** What this task involves **
Give the data again exactly as written, without any of its pictures.

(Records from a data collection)
+ + + + +

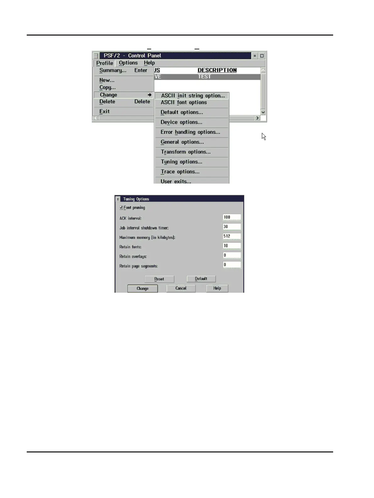 b) On the PSF/2 Control Panel select Profile and then Change.
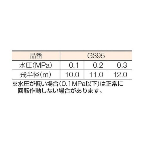 耐久性の高いメタルタイプのスプリンクラーです。円形に散水ができます。水圧が0.1MPa以下の場合、正常に回転作動しないことがあります。使用条件や水圧、流量等により散水状態は変わります。散水用。 |
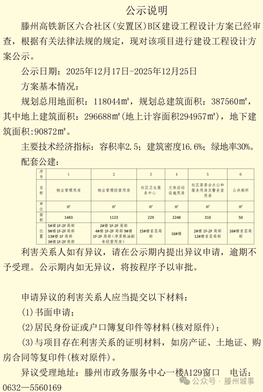 滕州高鐵新區六合社區(安置區 )B 區建設工程設計方案公示
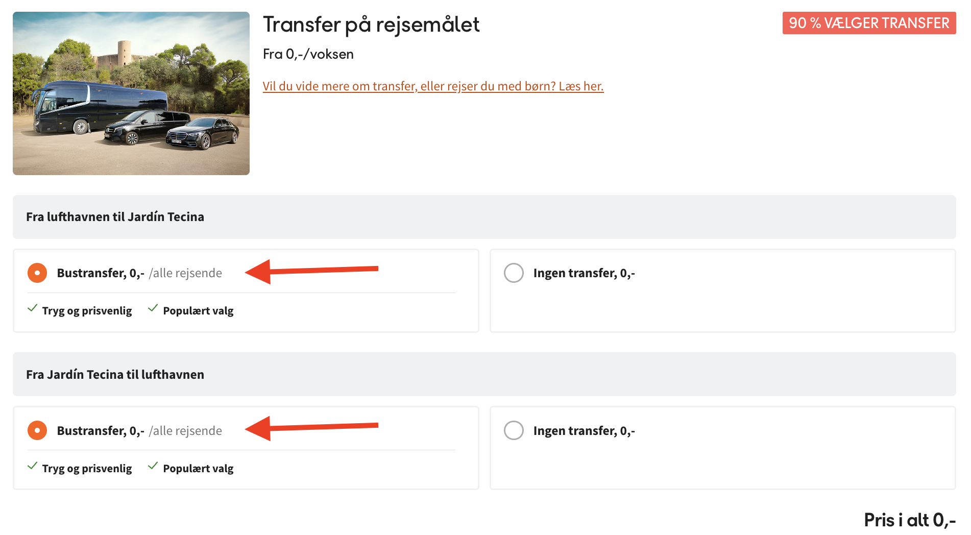 Transfer kan bestilles sammen med rejsen hos Spies.
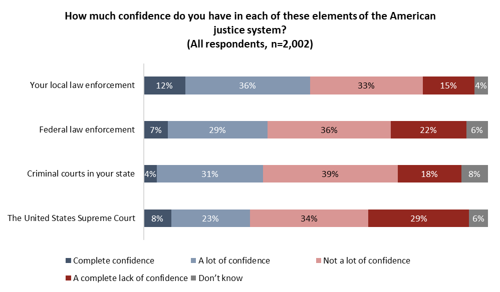 As the dust settles on these pivotal decisions, Americans are more likely than not to lack confidence in various elements of the justice system. On local law enforcement, Americans are split between expressing confidence (48%) and doubt (48%). Otherwise, a majority say they have “not a lot” or “a complete lack of confidence” in federal law enforcement (58%), criminal courts in their state (58%) and the Supreme Court (64%), the latter of which fares the worst by this metric:

+ + + + +

** Response area **
 b) On the PSF/2 Control Panel select Profile and then Change.
 耐久性の高いメタルタイプのスプリンクラーです。円形に散水ができます。水圧が0.1MPa以下の場合、正常に回転作動しないことがあります。使用条件や水圧、流量等により散水状態は変わります。散水用。 |
 滕州高鐵新區六合社區(安置區 )B 區建設工程設計方案公示
 Transfer kan bestilles sammen med rejsen hos Spies.
 As the dust settles on these pivotal decisions, Americans are more likely than not to lack confidence in various elements of the justice system. On local law enforcement, Americans are split between expressing confidence (48%) and doubt (48%). Otherwise, a majority say they have “not a lot” or “a complete lack of confidence” in federal law enforcement (58%), criminal courts in their state (58%) and the Supreme Court (64%), the latter of which fares the worst by this metric:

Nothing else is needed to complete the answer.